# ASSIGNMENT
The expected output is every record below, transcribed exactly, with the pictures left out.

______________________________

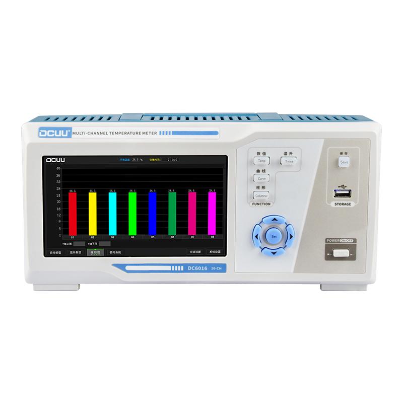 DC600系列多路温度记录仪可分为8通道、16通道、24通道、32通道、48通道,用户可根据需求进行选择。 本仪器采用7寸液晶屏,支持J型、K型、T型热电偶,可同时对多路温度数据采集,具备读取实时数值、温升数值、柱形图及实时曲线,也可将数据记录在U盘内部,仪器支持设置上下限,具备报警和数据传输,仪器显示丰富、操作简单,性能稳定,精确可靠、高性价比。
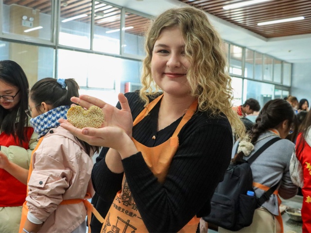 在志愿者的陪同下,留学生们作为跨文化体验的“同行者”,大家共同解锁与品味手工制作里最质朴的“温暖联结”。太谷饼成为行走的文化名片,在信院学子的见证下完成跨越时空的文明传递,原来最朴素的食物里,藏着最永恒的文化基因。
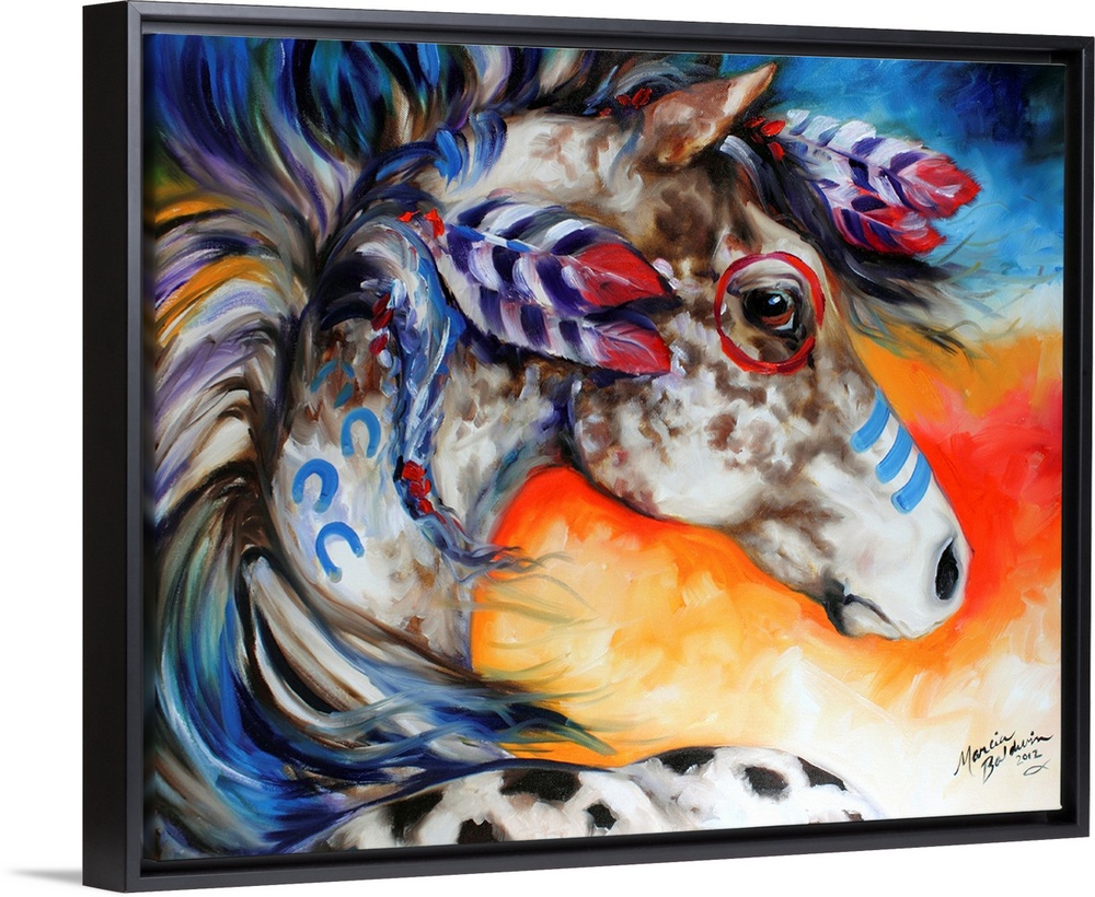 <p>Contemporary painting of an Appaloosa Indian War Horse with blue and red body paint and feathers in its mane on a colorful abstract background.</p>
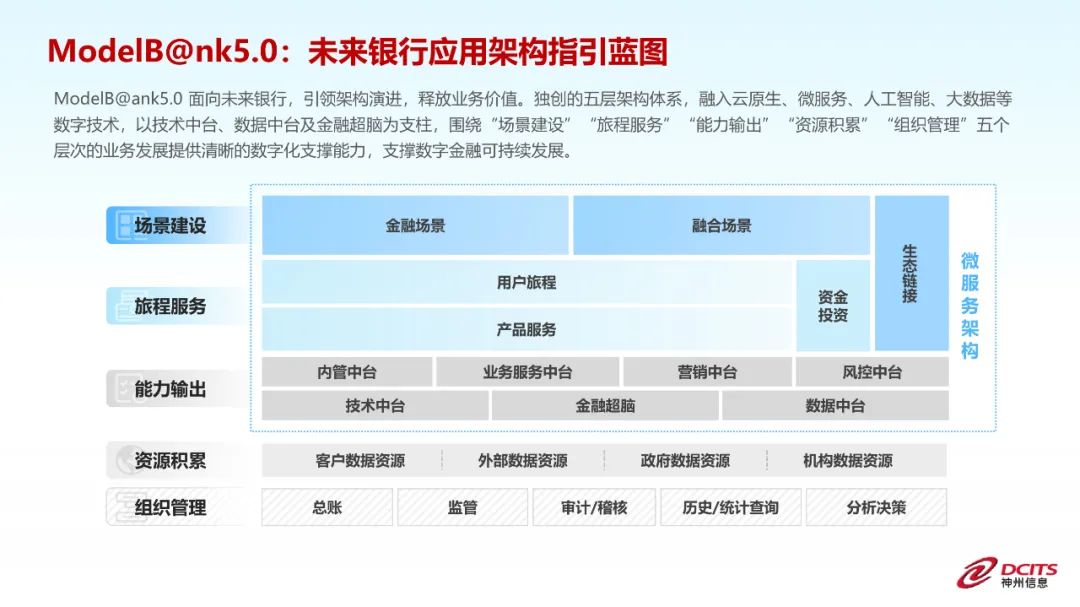 ModelB@nk5.0架构(2021年):以技术中台、数据中台和金融超脑为支柱,围绕着场景建设、旅程服务、能力输出、资源积累、组织管理五个层次的业务发展诉求,用清晰的数字化支撑能力,为金融机构IT架构演进和信创实践落地带来方向性指引。
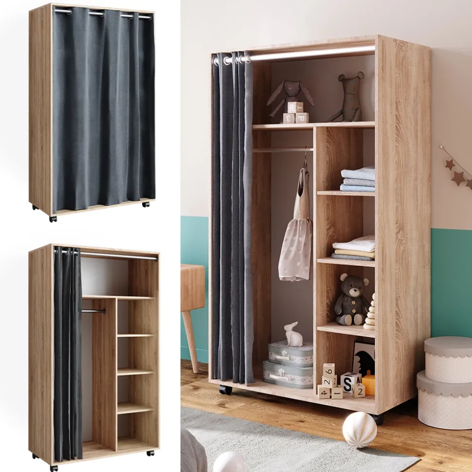 - Der Flügeltürenschrank verfügt über offene Regale, eine Aufhängestange und Laufrollen für Flexibilität und einfache Handhabung.
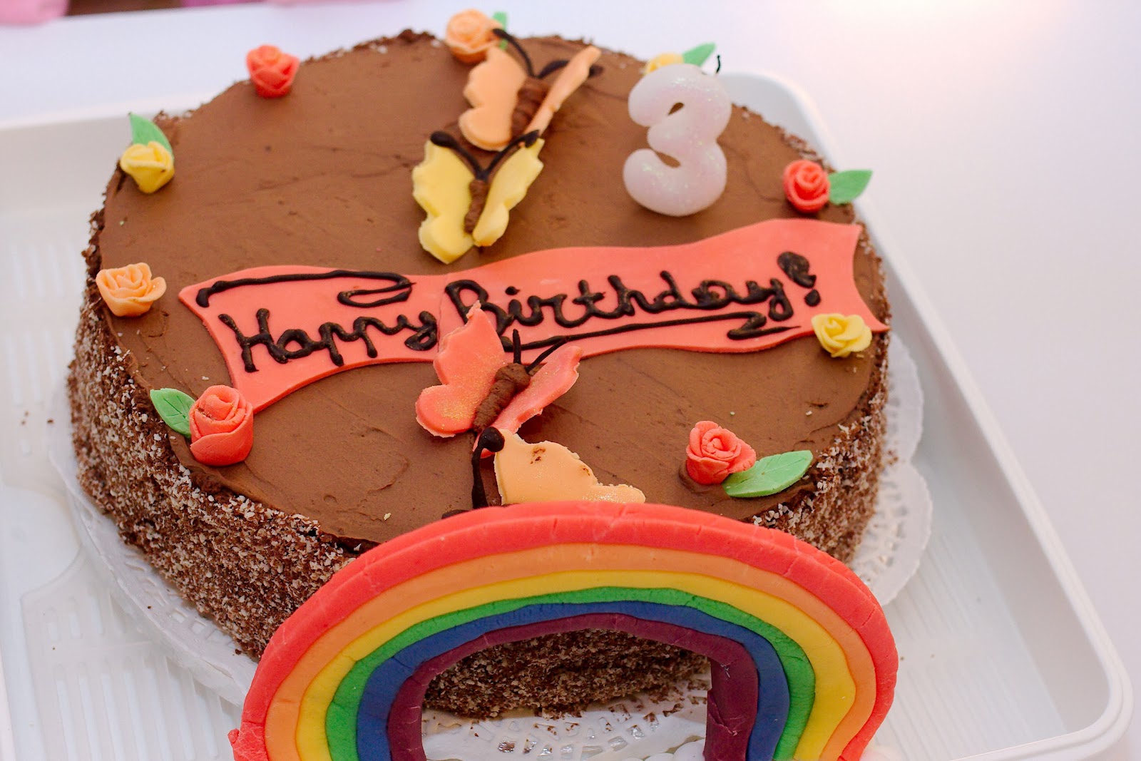 Idén is csokitorta volt Nóri kérése. Így egy trüffelkrémes csokitortát készítettem, amit apró rózsákkal, pillangókkal és egy szivárvánnyal díszítettem. Nóri teljesen odavolt érte! És persze a gyerekek is. Mondta az óvó néni, hogy mindenki a szivárványból akart enni :) Mivel minden dísz ehető volt, így el is csemegézték a gyerekek :)
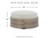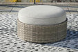 This cool, casual outdoor cushioned ottoman will raise the comfort level and visual appeal of your outdoor living space. Made of handwoven wicker in easy-going beige tones, the ottoman blends beautifully into your lanai or pool and patio area with a comfy cushion wrapped in Nuvella® high performance fabric that is stain resistant, fade resistant and easy to clean. This companion piece can be used on its own or paired with other pieces of the matching sectional to create a space that holds up to Mother Nature and ages gracefully for years of enjoyment.
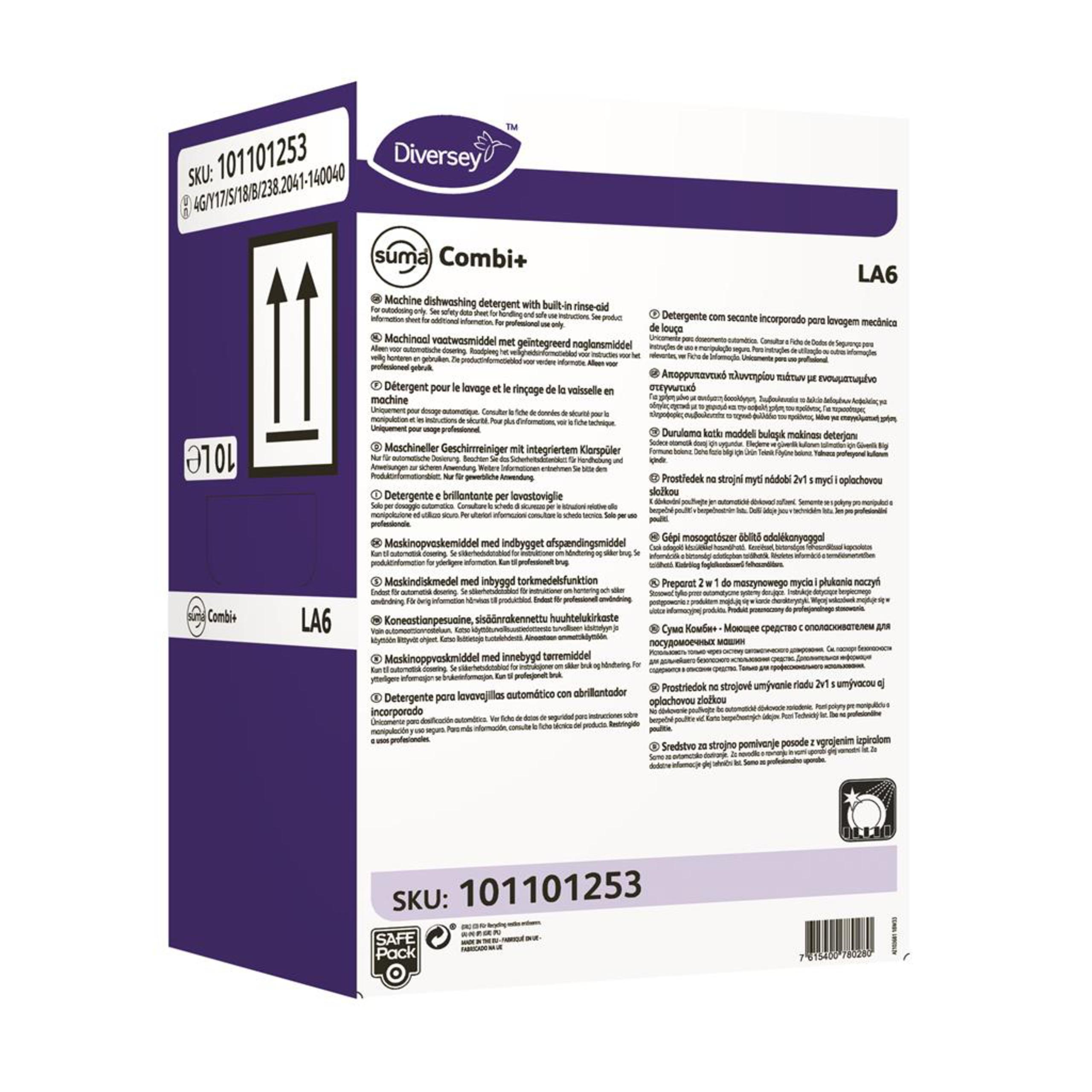 Vloeibaar vaatwasmiddel en naspoelmiddel gecombineerd in één product. Suma Combi is gebaseerd op de nieuwste technologie voor het combineren van een geconcentreerd vloeibaar machinaal vaatwasmiddel en naspoelmiddel in één. Suma Combi+SP LA6 is speciaal geformuleerd om vuil te verwijderen in zacht tot middelhard water.

______________________________

# SOLVED PROBLEM
 DC600系列多路温度记录仪可分为8通道、16通道、24通道、32通道、48通道,用户可根据需求进行选择。 本仪器采用7寸液晶屏,支持J型、K型、T型热电偶,可同时对多路温度数据采集,具备读取实时数值、温升数值、柱形图及实时曲线,也可将数据记录在U盘内部,仪器支持设置上下限,具备报警和数据传输,仪器显示丰富、操作简单,性能稳定,精确可靠、高性价比。
 在志愿者的陪同下,留学生们作为跨文化体验的“同行者”,大家共同解锁与品味手工制作里最质朴的“温暖联结”。太谷饼成为行走的文化名片,在信院学子的见证下完成跨越时空的文明传递,原来最朴素的食物里,藏着最永恒的文化基因。
 <p>Contemporary painting of an Appaloosa Indian War Horse with blue and red body paint and feathers in its mane on a colorful abstract background.</p>
 ModelB@nk5.0架构(2021年):以技术中台、数据中台和金融超脑为支柱,围绕着场景建设、旅程服务、能力输出、资源积累、组织管理五个层次的业务发展诉求,用清晰的数字化支撑能力,为金融机构IT架构演进和信创实践落地带来方向性指引。
 - Der Flügeltürenschrank verfügt über offene Regale, eine Aufhängestange und Laufrollen für Flexibilität und einfache Handhabung.
 Idén is csokitorta volt Nóri kérése. Így egy trüffelkrémes csokitortát készítettem, amit apró rózsákkal, pillangókkal és egy szivárvánnyal díszítettem. Nóri teljesen odavolt érte! És persze a gyerekek is. Mondta az óvó néni, hogy mindenki a szivárványból akart enni :) Mivel minden dísz ehető volt, így el is csemegézték a gyerekek :)
 This cool, casual outdoor cushioned ottoman will raise the comfort level and visual appeal of your outdoor living space. Made of handwoven wicker in easy-going beige tones, the ottoman blends beautifully into your lanai or pool and patio area with a comfy cushion wrapped in Nuvella® high performance fabric that is stain resistant, fade resistant and easy to clean. This companion piece can be used on its own or paired with other pieces of the matching sectional to create a space that holds up to Mother Nature and ages gracefully for years of enjoyment.
 Vloeibaar vaatwasmiddel en naspoelmiddel gecombineerd in één product. Suma Combi is gebaseerd op de nieuwste technologie voor het combineren van een geconcentreerd vloeibaar machinaal vaatwasmiddel en naspoelmiddel in één. Suma Combi+SP LA6 is speciaal geformuleerd om vuil te verwijderen in zacht tot middelhard water.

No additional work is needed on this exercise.